Segment Start: Data records

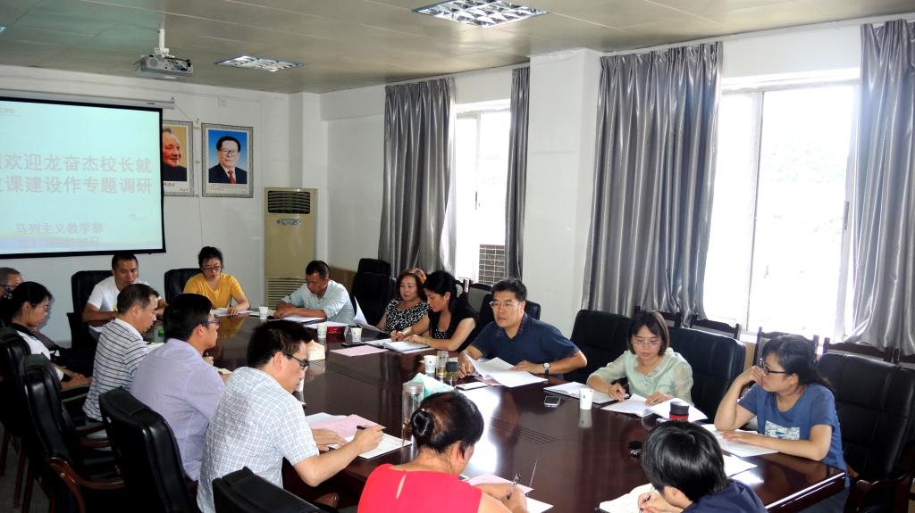 下午,龙奋杰到马克思主义学院走访调研。听取了马克思主义学院相关工作汇报。龙奋杰指出,思政教育是系统工程,对人才培养质量具有基础性、引领性的作用,全校教职工都要提高对思政教育的重视。马克思主义学院要继续加强领导班子建设,做到学生培养好,教师发展好,将课程建设作为马克思主义学院工作的重中之重,保证标准、创立特色,要制定一套行之有效的激励机制,密切与教务处、学工部等相关部门的工作对接,形成联动工作机制,共享易班平台提高思政教育水平。
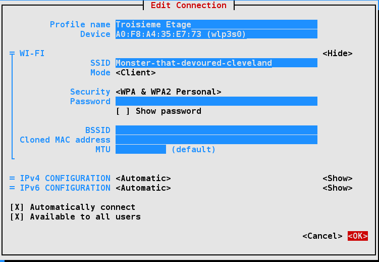 The nmtui menu for wireless networks should look similar to the GUI interface. Sometimes it’s useful to use this interface to view configurations for other wireless networks while configuring a new one.
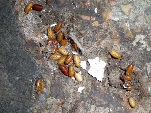 Prueba de ello es que en un rincón de la despensa encontré el suelo lleno de pupas de mosca. Había centenares. Me pareció importante y se lo comenté al jefe de cocina. Me dijo que habían tenido en esa zona unas cajas con membrillos durante 15 días. Las habían retirado unas horas antes de que yo llegara. Me cuesta imaginar que dejaran estropear fruta, pero lo cierto es que disponen de un huerto y les sobra materia prima. En las imágenes 1 y 2 se pueden ver pupas de mosca entre las grietas de un viejo suelo de cemento. Había pupas ya maduras y también algunas larvas a punto de pupar.
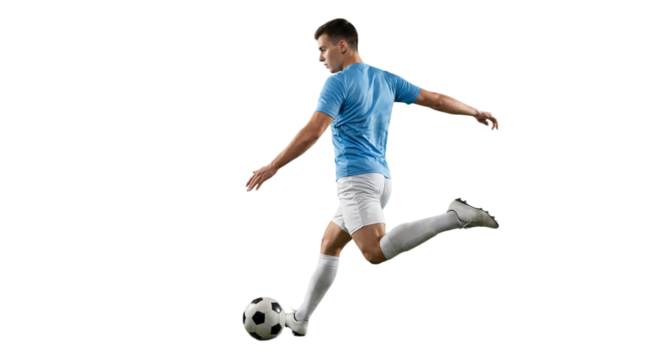 Football player in blue kit kicking ball on transparent background
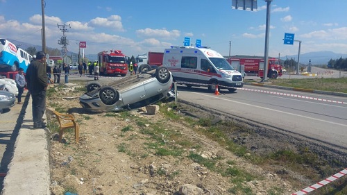 Kaza sonrası otomobil savrularak ters döndü.
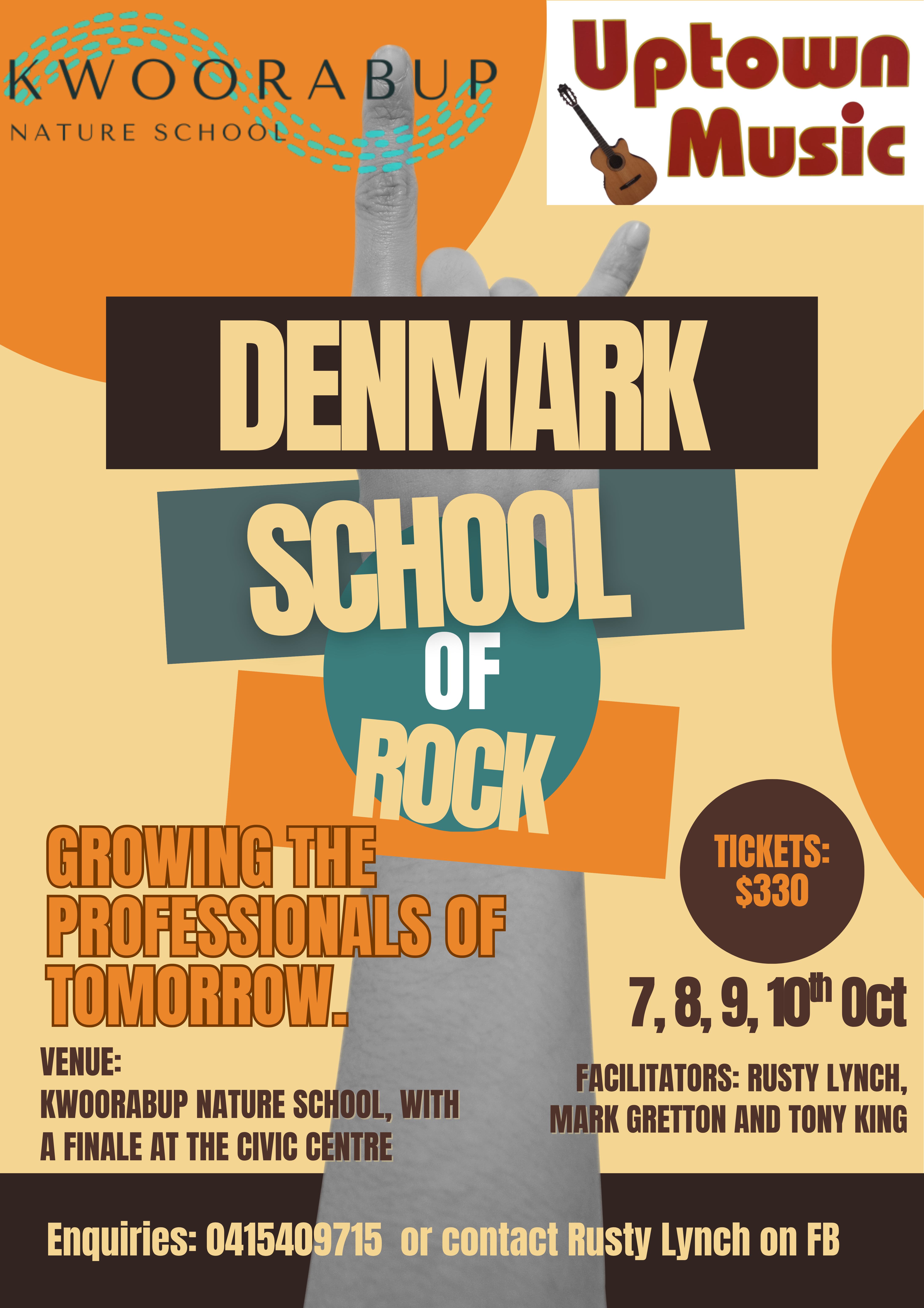 « All Events This event has passed. Denmark School of Rock October 7 @ 8:00 am - October 10 @ 5:00 pm « Colour & Canvas at Clarence Estate Denmark School of Rock » https://denmarkcrc.com.au/wp-content/uploads/2025/07/Denmark-School-of-Rock-poster-2025.png Add to calendar Google Calendar iCalendar Outlook 365 Outlook Live Details Start: October 7 @ 8:00 am End: October 10 @ 5:00 pm Event Categories: Art, Bookings essential, Child-friendly, Classes, Community Event, Discover Denmark, Education, Entertainment, Families, Family, Kids, Music, Networking, School Holidays Venue Kwoorabup Nature School 2A Inlet Dr Denmark, WA 6333 Australia + Google Map Phone 9848 2285 Related Events Where am I this time? December 14 @ 11:00 am - 1:00 pm A Feast of Miracles December 14 @ 5:00 pm - 8:00 pm Denmark Death Cafe December 15 @ 1:00 pm - 3:00 pm
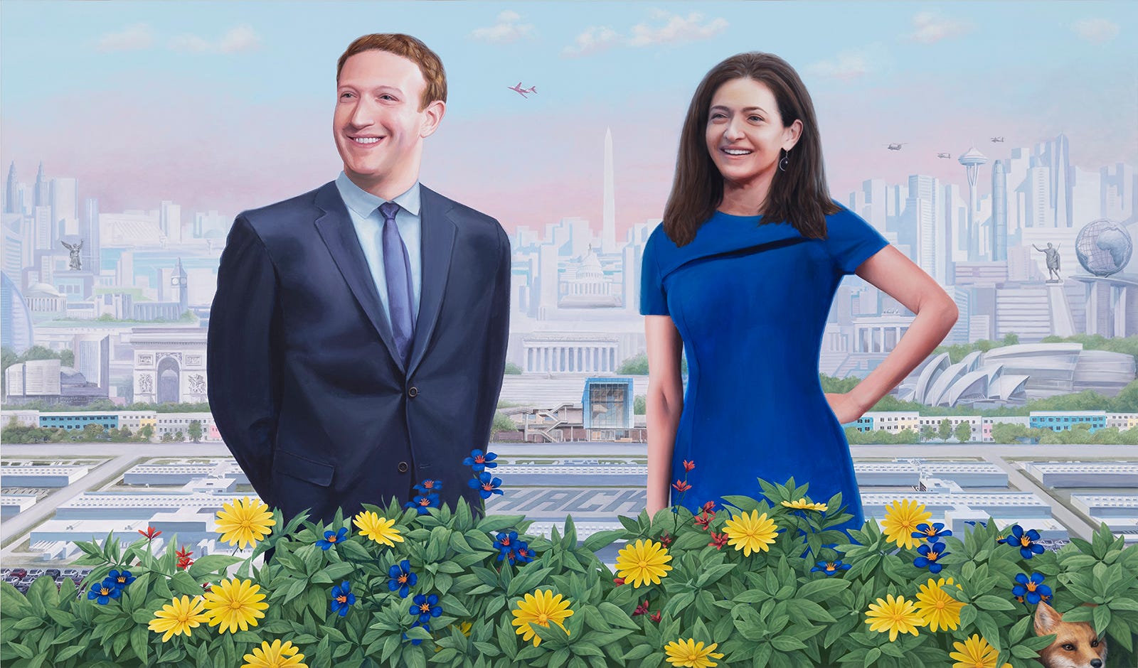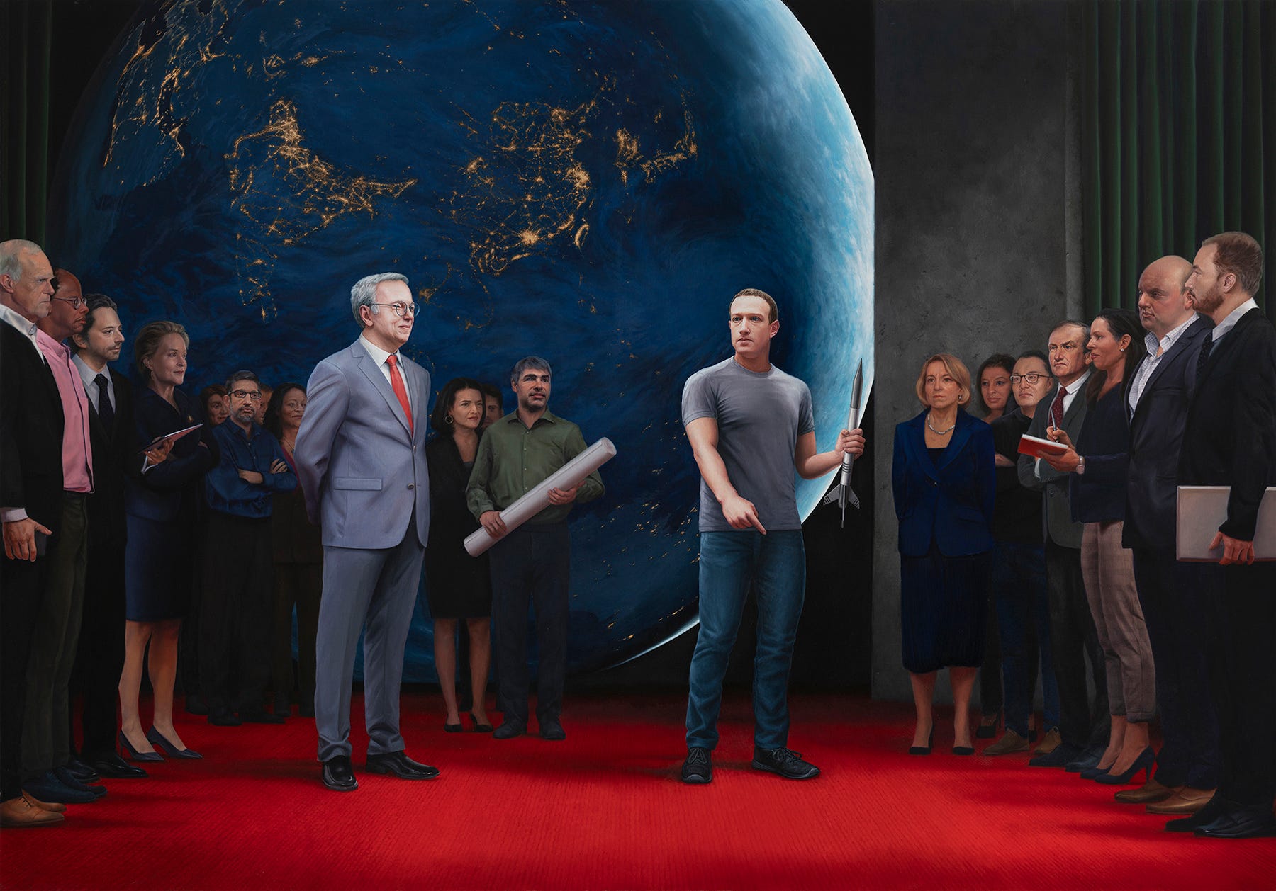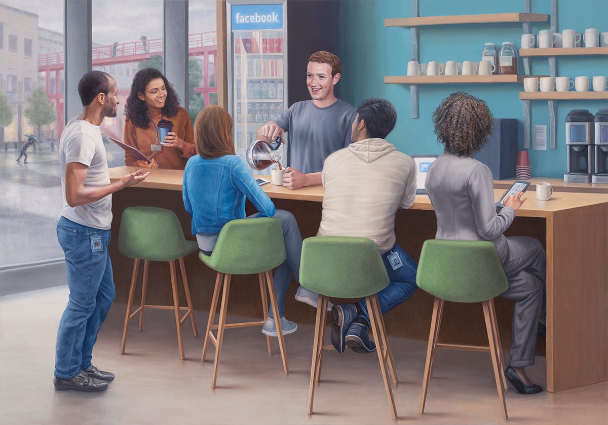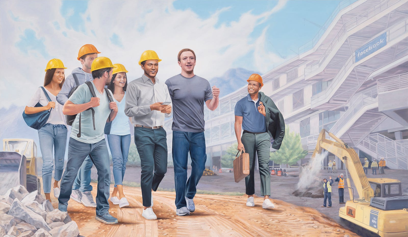 I found a parallel contrast between Mark Zuckerberg’s naively nerdy robotic enthusiasm and his unbreachable control of one of the world’s most powerful companies. To portray him as the “Beloved Leader”, I borrowed several aggrandizing formal gestures from the source material: the legendary leader, often noticeably taller than his comrades despite his actual height, is flanked by attractive, propaganda-friendly archetypes who look to him for inspiration and guidance. The characters seem more like heroic statues than actual human beings. And the compositions all focus on glorifying the Leader.
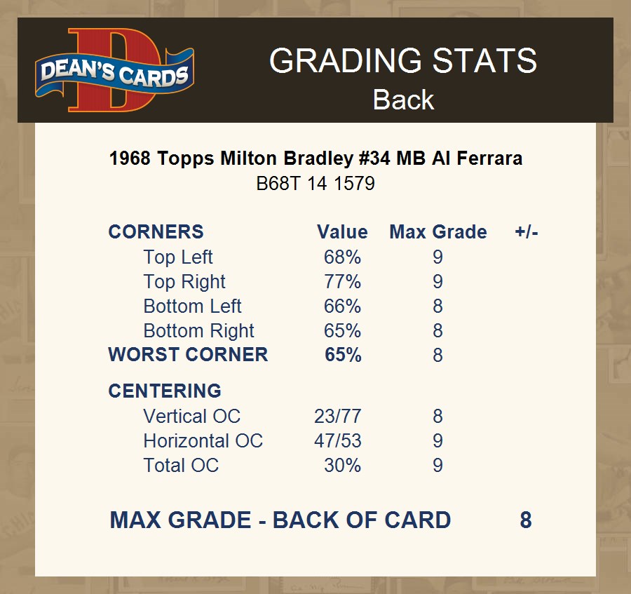 This is the extremely rare 1968 "Milton Bradley" variation, noted by the bright yellow coloring on the back of the card.
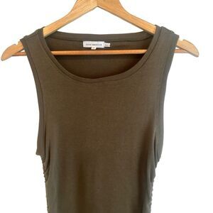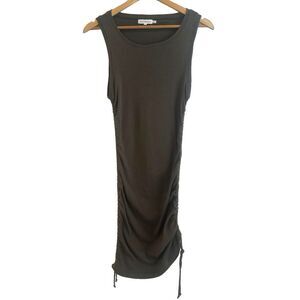 In excellent condition. Good American Ruched Mini Tank Dress in Sea Turtle which is an olive green colour. This sleeveless dress features a round neck with ruched sides and drawstrings to adjust dress length

Segment End: Data records

• Prompt:
Print all the records again exactly; do not include any picture.

• Answer below:
 下午,龙奋杰到马克思主义学院走访调研。听取了马克思主义学院相关工作汇报。龙奋杰指出,思政教育是系统工程,对人才培养质量具有基础性、引领性的作用,全校教职工都要提高对思政教育的重视。马克思主义学院要继续加强领导班子建设,做到学生培养好,教师发展好,将课程建设作为马克思主义学院工作的重中之重,保证标准、创立特色,要制定一套行之有效的激励机制,密切与教务处、学工部等相关部门的工作对接,形成联动工作机制,共享易班平台提高思政教育水平。
 The nmtui menu for wireless networks should look similar to the GUI interface. Sometimes it’s useful to use this interface to view configurations for other wireless networks while configuring a new one.
 Prueba de ello es que en un rincón de la despensa encontré el suelo lleno de pupas de mosca. Había centenares. Me pareció importante y se lo comenté al jefe de cocina. Me dijo que habían tenido en esa zona unas cajas con membrillos durante 15 días. Las habían retirado unas horas antes de que yo llegara. Me cuesta imaginar que dejaran estropear fruta, pero lo cierto es que disponen de un huerto y les sobra materia prima. En las imágenes 1 y 2 se pueden ver pupas de mosca entre las grietas de un viejo suelo de cemento. Había pupas ya maduras y también algunas larvas a punto de pupar.
 Football player in blue kit kicking ball on transparent background
 Kaza sonrası otomobil savrularak ters döndü.
 « All Events This event has passed. Denmark School of Rock October 7 @ 8:00 am - October 10 @ 5:00 pm « Colour & Canvas at Clarence Estate Denmark School of Rock » https://denmarkcrc.com.au/wp-content/uploads/2025/07/Denmark-School-of-Rock-poster-2025.png Add to calendar Google Calendar iCalendar Outlook 365 Outlook Live Details Start: October 7 @ 8:00 am End: October 10 @ 5:00 pm Event Categories: Art, Bookings essential, Child-friendly, Classes, Community Event, Discover Denmark, Education, Entertainment, Families, Family, Kids, Music, Networking, School Holidays Venue Kwoorabup Nature School 2A Inlet Dr Denmark, WA 6333 Australia + Google Map Phone 9848 2285 Related Events Where am I this time? December 14 @ 11:00 am - 1:00 pm A Feast of Miracles December 14 @ 5:00 pm - 8:00 pm Denmark Death Cafe December 15 @ 1:00 pm - 3:00 pm
 I found a parallel contrast between Mark Zuckerberg’s naively nerdy robotic enthusiasm and his unbreachable control of one of the world’s most powerful companies. To portray him as the “Beloved Leader”, I borrowed several aggrandizing formal gestures from the source material: the legendary leader, often noticeably taller than his comrades despite his actual height, is flanked by attractive, propaganda-friendly archetypes who look to him for inspiration and guidance. The characters seem more like heroic statues than actual human beings. And the compositions all focus on glorifying the Leader.
 This is the extremely rare 1968 "Milton Bradley" variation, noted by the bright yellow coloring on the back of the card.
 In excellent condition. Good American Ruched Mini Tank Dress in Sea Turtle which is an olive green colour. This sleeveless dress features a round neck with ruched sides and drawstrings to adjust dress length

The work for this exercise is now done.